A real example on using tags

Tags can be a powerful tool to visualize things on legacy software and perform analyses. For example, tags can be used to create virtual entities and see how they “interact” with the real entities of the system analyzed. In the article Decomposing God Classes at Siemens we show how tags can be used to create virtual classes and see their dependencies to real classes.

In this post I will show another use of tags: how they can materialize a concept and show its instantiation in a system.

The scenario is that of analysing Corese, a platform to “create, manipulate, parse, serialize, query, reason and validate RDF data.” Corese is an old software that dates back to the early days of Java. Back then, enums did not exist in Java and a good way to implement them was to use a set of constants:

	public static final int MONDAY = 1;
	public static final int TUESDAY = 2;
	public static final int WEDNESDAY = 3;
	public static final int THURSDAY = 4;
	public static final int FRIDAY = 5;
	public static final int SATURDAY = 6;
	public static final int SUNDAY = 7;

Those were the days!

As an effort to restructure and rationalize implementation, the developers of Corese wish to replace these sets of constants by real Java enums. This is not something that can be done in any modern IDE even with the latest refactoring tool.

Let us see how Moose can help in the task.

Where are the constants used?

For an analysis in Moose, we need a model of the system, and this starts with getting the source code (https://github.com/corese-stack/corese-core). The model is created using VerveineJ which can be run using docker:

docker run -rm -v src/main/java/:/src ghcr.io/evref-bl/verveinej:latest -alllocals -o corese-core.json

This will create a file corese-core.json in the directory src/main/java/. The command to create the model as an option -alllocals. This is because VerveineJ by default only tracks the uses of variables with non primitive type (variables containing objects). Here the constants are integers and if we want to know where they are used, we need more details.

Let’s import the model in Moose.

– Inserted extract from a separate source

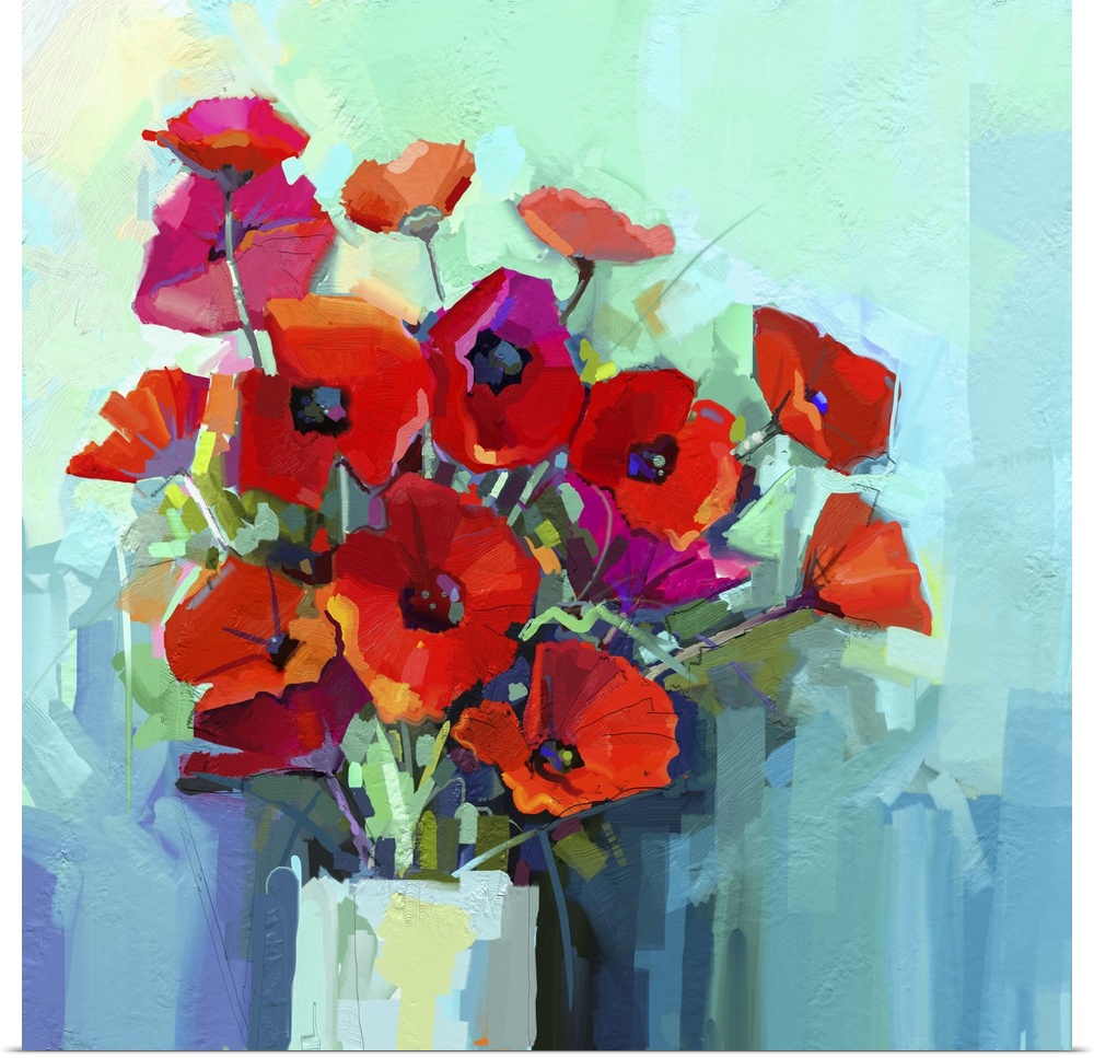 <p>Originally an oil painting - still life of red and pink color flower. Colorful bouquet of poppy flowers in vase. Color green and blue background. Originally hand painted floral in an impressionist style.</p>

This can be done simply by dragging-and-dropping the file in Moose.

"Importing the Corese model"

We will study the use of the constants defined in fr.inria.corese.core.stats.IStats:

public interface IStats {

    public static final int NA = 0;
    public static final int SUBJECT = 1;
    public static final int PREDICATE = 2;
    public static final int OBJECT = 3;
    public static final int TRIPLE = 4;
[...]

To find where the constants are used, we need to find the representation of the constants in the model. For this, we can inspect the model (“Inspect” button in the Model Browser) and look for all “Model Attributes”. The constants are attributes of the interface/class in which they are defined as shown in the listing above). And they are model attributes because they are defined in the source code analysed, as opposed to System.out which may be used in the code but for which we don’t have the source code.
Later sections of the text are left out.